Problem | Please transcribe the listing below in full, exactly as written, leaving out its pictures.

Provided material |
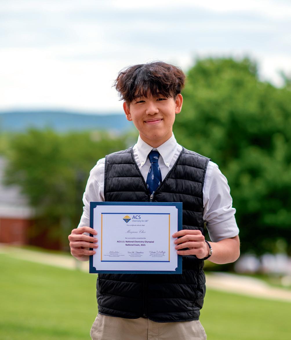 This year, MJ Choi ’26, who is a four-year senior from Seoul, South Korea, earned national Honors, placing in the top 150 out of more than 16,000 students. After scoring in the top 15% statewide on the qualifying exam during March break, MJ advanced to the national round in April, competing against 1,000 of the country’s strongest chemistry students. He ultimately placed in the top fifth nationally and received an Honors Certificate from the American Chemical Society for his outstanding achievement.
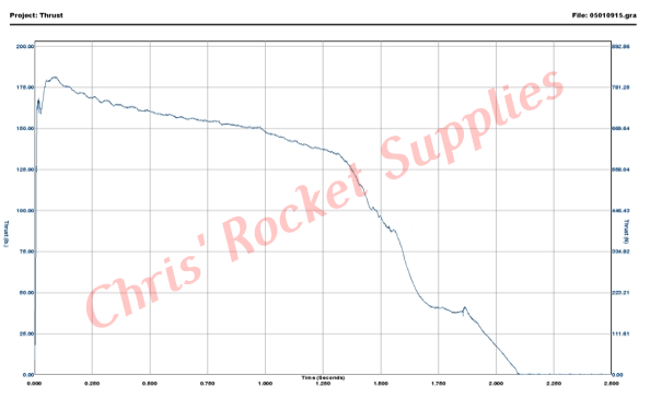 Brandname | Pro38 1115J530-15A | Manufacturer | Cesaroni Technology | Man. Designation | 1115J530-15A | CAR Designation | 1115-J530-15A | Test Date | 1/5/2009 | | | Single-Use/Reload/Hybrid | Reloadable | Motor Dimensions mm | 38.00 x 500.00 mm (1.50 x 19.67 in) | Loaded Weight | 977 g (34.46 oz) | Total Impulse | 1115.5 Ns (250.77 lb.s) | Propellant Weight | 576.5 g (20.34 oz) | Maximum Thrust | 828.8 N (186.32 lb) | Burnout Weight | 352 g (12.42 oz) | Avg Thrust | 531.2 N (119.42 lb) | Delays Tested | "15,12,10,8,6" | ISP | 197.30 s | Samples per second | 1000 | Burntime | 2.100 s | Notes | Imax™ |
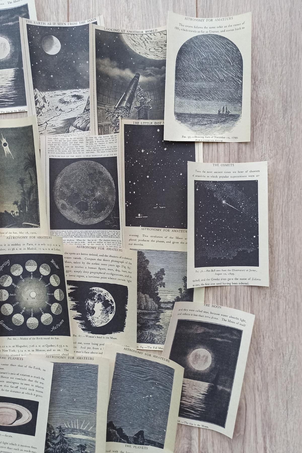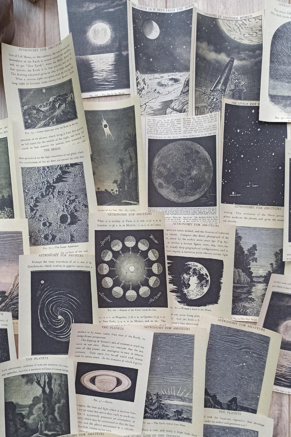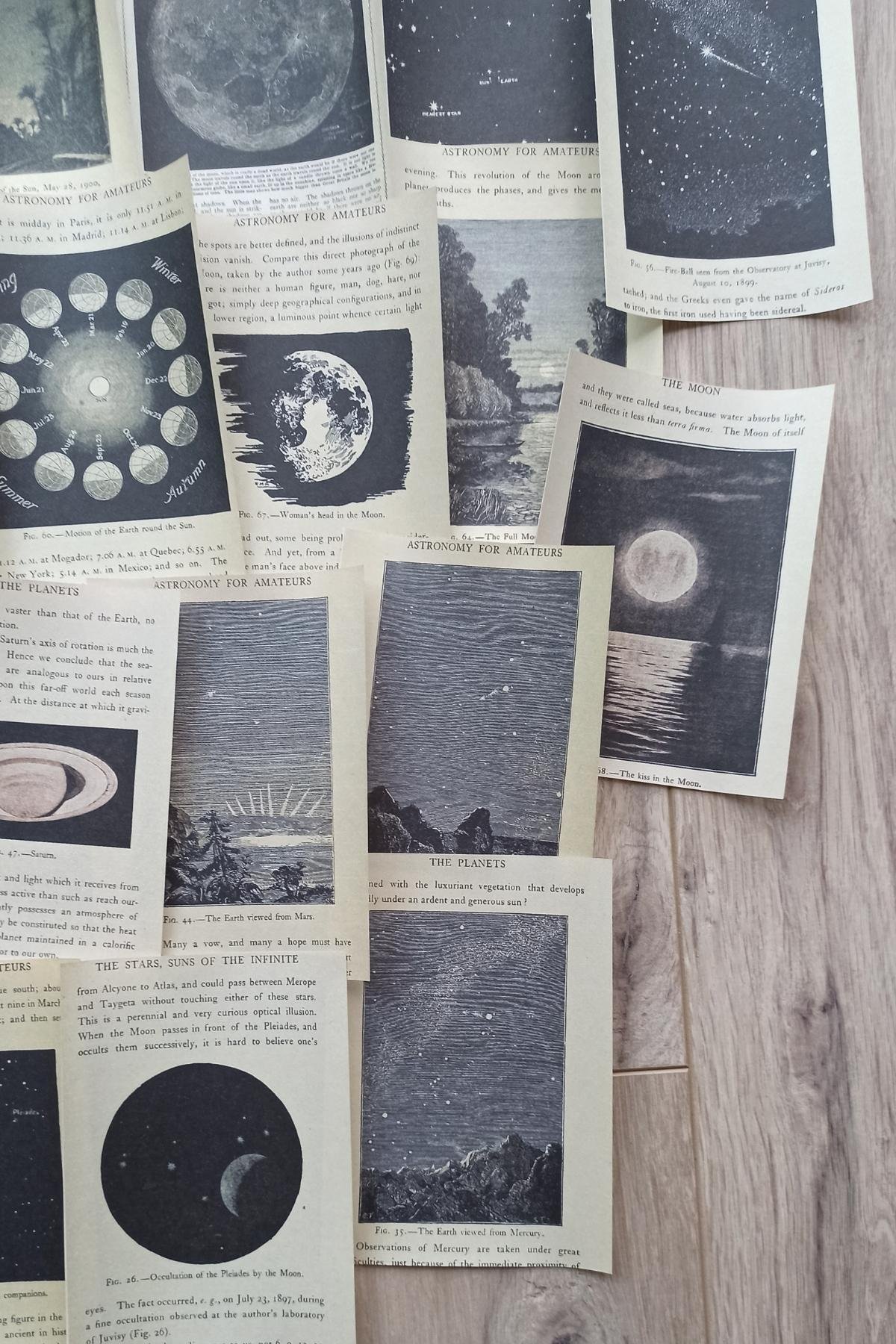 Uzay temalı scrapbook kağıtları, retro ve vintage tasarımıyla dikkat çeker

The answer |
 This year, MJ Choi ’26, who is a four-year senior from Seoul, South Korea, earned national Honors, placing in the top 150 out of more than 16,000 students. After scoring in the top 15% statewide on the qualifying exam during March break, MJ advanced to the national round in April, competing against 1,000 of the country’s strongest chemistry students. He ultimately placed in the top fifth nationally and received an Honors Certificate from the American Chemical Society for his outstanding achievement.
 Brandname | Pro38 1115J530-15A | Manufacturer | Cesaroni Technology | Man. Designation | 1115J530-15A | CAR Designation | 1115-J530-15A | Test Date | 1/5/2009 | | | Single-Use/Reload/Hybrid | Reloadable | Motor Dimensions mm | 38.00 x 500.00 mm (1.50 x 19.67 in) | Loaded Weight | 977 g (34.46 oz) | Total Impulse | 1115.5 Ns (250.77 lb.s) | Propellant Weight | 576.5 g (20.34 oz) | Maximum Thrust | 828.8 N (186.32 lb) | Burnout Weight | 352 g (12.42 oz) | Avg Thrust | 531.2 N (119.42 lb) | Delays Tested | "15,12,10,8,6" | ISP | 197.30 s | Samples per second | 1000 | Burntime | 2.100 s | Notes | Imax™ |
 Uzay temalı scrapbook kağıtları, retro ve vintage tasarımıyla dikkat çeker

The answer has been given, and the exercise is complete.